Rule 6: Be confident, not arrogant.
There is a fine line between being confident and sure of your abilities, and starting every sentence with “I.” Confidence is what they want to see in an interview and if you are applying for a job that uses what you are good at, and you are passionate about doing, you will be confident. If you interview for jobs that don’t match your interests, talents and passions, you will find that you have to make yourself sound greater and more “extraordinary.” This is what makes you sound arrogant. So, be casual and confident. Go into the interview knowing you are a good fit for the job and will be able to make a big difference. Don’t be humble. Don’t be arrogant. Be confident.
Rule 7: Make sure you know all the facts.
Be sure you know the expectations, pay rate, working conditions, benefits, and any specific details of the job; confirm your understanding of the details of the position during your interview. This not only ensures you are well informed so you can make a good decision about accepting or not accepting the job, but it also shows the interviewer that you have done your homework to understand the company and are ensuring your understanding is accurate and complete. This shows focus, conscientiousness and commitment – all attributes needed in any position.
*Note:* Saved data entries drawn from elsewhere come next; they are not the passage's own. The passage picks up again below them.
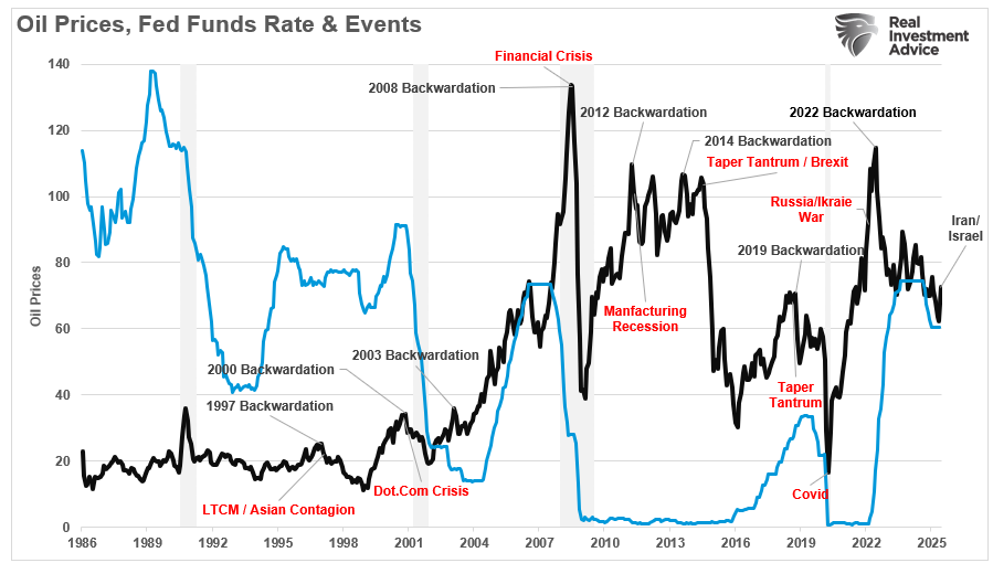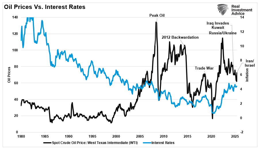 While the oil price rise is certainly a worry, as it increases the burden on individuals, will it lead to a rise in the Consumer Price Index (CPI)? This is an important question, given that following the Federal Reserve meeting this week, its outlook for "tariff-driven" inflation remains unchanged. However, after four straight months of lower-than-expected inflation prints, that "tariff-driven" inflation has yet to appear amid slowing economic data. While it would seem the Fed should be cutting rates, the recent oil price rise may vindicate them with a short-term pick-up in inflation.
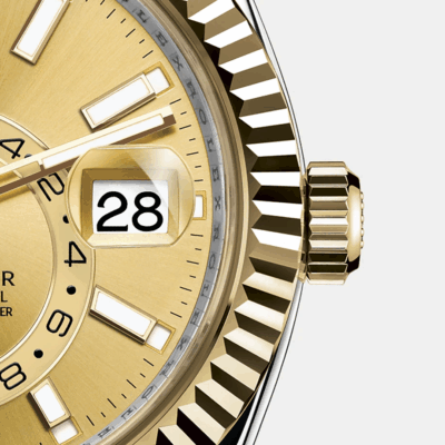- Case material: Yellow Rolesor – combination of Oystersteel and 18k Yellow Gold
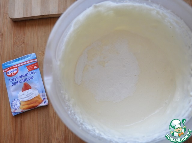 Для того, чтобы крем держал форму добавляем загуститель для сливок (Dr. Oetker). Взбиваем крем до устойчивых пиков.
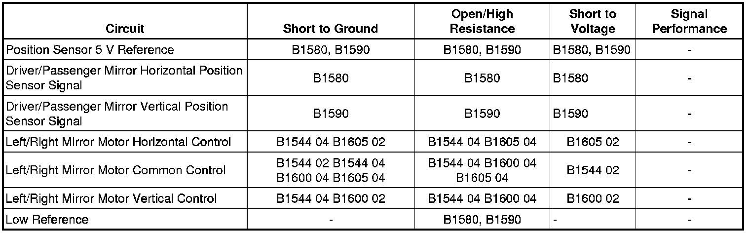• If a mirror does not adjust to the stored memory setting, refer to Mirror Position Sensor Circuit Test.

Rule 8: Look for common ground.
There are studies out that support that we connect best to people who share similar interests or attributes with us. As you approach your interview, notice pictures, objects, awards and other things that first give you information about the interviewer, but also help you see areas about which you both can connect. If you both have coached soccer, lived in a section of a city, drive a certain car, etc…you have some commonality. This makes the interview more personal and more comfortable for both.